Building on the literature review, LINEup conducted a comprehensive desk research to identify existing national and regional longitudinal datasets on student learning outcomes at the primary and secondary education levels (ISCED 1, 2, 3).
The mapping covers 32 countries: the 27 EU Member States, three European Economic Area (EEA) associated countries (Iceland, Liechtenstein, and Norway), Switzerland and the United Kingdom. To enrich the comparative perspective, selected practices from the United States – where some of the most advanced examples exist – were also reviewed.
The mapping followed a funnel strategy, based on a shared theoretical and methodological framework:
- An expert questionnaire sent to over 300 stakeholders across 28 countries;
- Structured web searches to collect specific information on existing longitudinal data;
- Analysis of the retrieved datasets against predefined inclusion criteria, with documentation through a standardised online form capturing metadata on structure, coverage, outcomes, background variables, and accessibility.
Overall, the mapping highlights wide disparities in availability, structure, and quality of longitudinal data
in Europe.
Key findings:
- Out of 229 datasets identified, 104 met the inclusion criteria, spanning 24 of the 32 countries.

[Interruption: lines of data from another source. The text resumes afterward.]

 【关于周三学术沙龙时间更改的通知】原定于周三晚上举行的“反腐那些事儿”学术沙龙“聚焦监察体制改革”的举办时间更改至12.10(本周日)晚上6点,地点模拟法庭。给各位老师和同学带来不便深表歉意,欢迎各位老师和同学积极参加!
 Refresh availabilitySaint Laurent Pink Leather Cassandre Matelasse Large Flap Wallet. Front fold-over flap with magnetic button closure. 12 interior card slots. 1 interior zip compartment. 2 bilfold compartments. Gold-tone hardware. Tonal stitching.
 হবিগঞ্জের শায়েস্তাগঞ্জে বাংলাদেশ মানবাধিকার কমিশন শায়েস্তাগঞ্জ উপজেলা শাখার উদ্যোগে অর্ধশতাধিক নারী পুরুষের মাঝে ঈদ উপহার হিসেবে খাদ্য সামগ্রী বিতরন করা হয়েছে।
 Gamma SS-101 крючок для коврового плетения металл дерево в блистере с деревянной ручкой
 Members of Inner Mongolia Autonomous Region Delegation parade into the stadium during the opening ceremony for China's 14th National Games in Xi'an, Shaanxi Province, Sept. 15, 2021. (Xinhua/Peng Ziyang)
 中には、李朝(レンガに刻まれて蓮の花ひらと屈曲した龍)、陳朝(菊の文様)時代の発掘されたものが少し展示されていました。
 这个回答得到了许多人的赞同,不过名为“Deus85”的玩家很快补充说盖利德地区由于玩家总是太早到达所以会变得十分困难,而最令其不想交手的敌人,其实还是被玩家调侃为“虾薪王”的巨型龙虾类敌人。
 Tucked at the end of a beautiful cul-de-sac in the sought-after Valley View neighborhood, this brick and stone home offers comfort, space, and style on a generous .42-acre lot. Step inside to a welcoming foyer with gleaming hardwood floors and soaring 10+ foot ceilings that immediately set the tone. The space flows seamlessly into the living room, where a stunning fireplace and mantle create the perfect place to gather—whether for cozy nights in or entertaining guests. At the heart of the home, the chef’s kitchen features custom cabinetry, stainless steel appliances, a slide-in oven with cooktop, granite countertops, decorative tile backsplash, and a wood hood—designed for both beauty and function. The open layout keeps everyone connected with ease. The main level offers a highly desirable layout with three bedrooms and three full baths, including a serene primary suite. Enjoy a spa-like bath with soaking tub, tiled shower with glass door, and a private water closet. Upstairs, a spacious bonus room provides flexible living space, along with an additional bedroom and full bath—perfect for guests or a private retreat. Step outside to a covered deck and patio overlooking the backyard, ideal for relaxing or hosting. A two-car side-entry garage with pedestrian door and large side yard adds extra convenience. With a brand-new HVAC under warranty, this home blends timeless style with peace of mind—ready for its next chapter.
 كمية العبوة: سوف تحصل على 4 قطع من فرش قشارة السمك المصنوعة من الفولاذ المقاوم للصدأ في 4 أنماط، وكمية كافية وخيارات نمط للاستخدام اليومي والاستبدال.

- Most countries in Western and Northern Europe have at least one eligible dataset, often stemming
from well-established administrative systems or long-standing student assessments. In contrast,
several countries in Central and Eastern Europe have no eligible datasets, reflecting more limited investments in longitudinal data infrastructure and/or lower levels of data accessibility. - Datasets vary in design: survey-based (47%), administrative (19%), or hybrid (34%). Surveys and hybrids provide richer contextual information, while administrative data often offer broader coverage and longer time spans.
- Data access is limited: only 11% of datasets are open, while nearly half require formal
authorisation. Linkability across data sources is uneven and concentrated in countries with strong
administrative systems. - Longitudinal coverage ranges from 2 to 14+ years, with many datasets focusing on key transition points (grades 8–10). About 30% start in pre-primary, but full tracking across compulsory schooling is rare.
- Most datasets include literacy and numeracy outcomes, while non-cognitive skills, science, languages, and teacher/school-level variables are often missing or inconsistently reported.
The results underpin the development of the LINEup Education Data Explorer, an online platform to support dataset discovery and use by researchers and educational stakeholders. They also provide the empirical basis for the upcoming Feasibility Study on data harmonisation (January 2026), which will assess the potential for cross-country comparison and explore whether approaches such as the Luxembourg.
Income Study can be adapted to education data.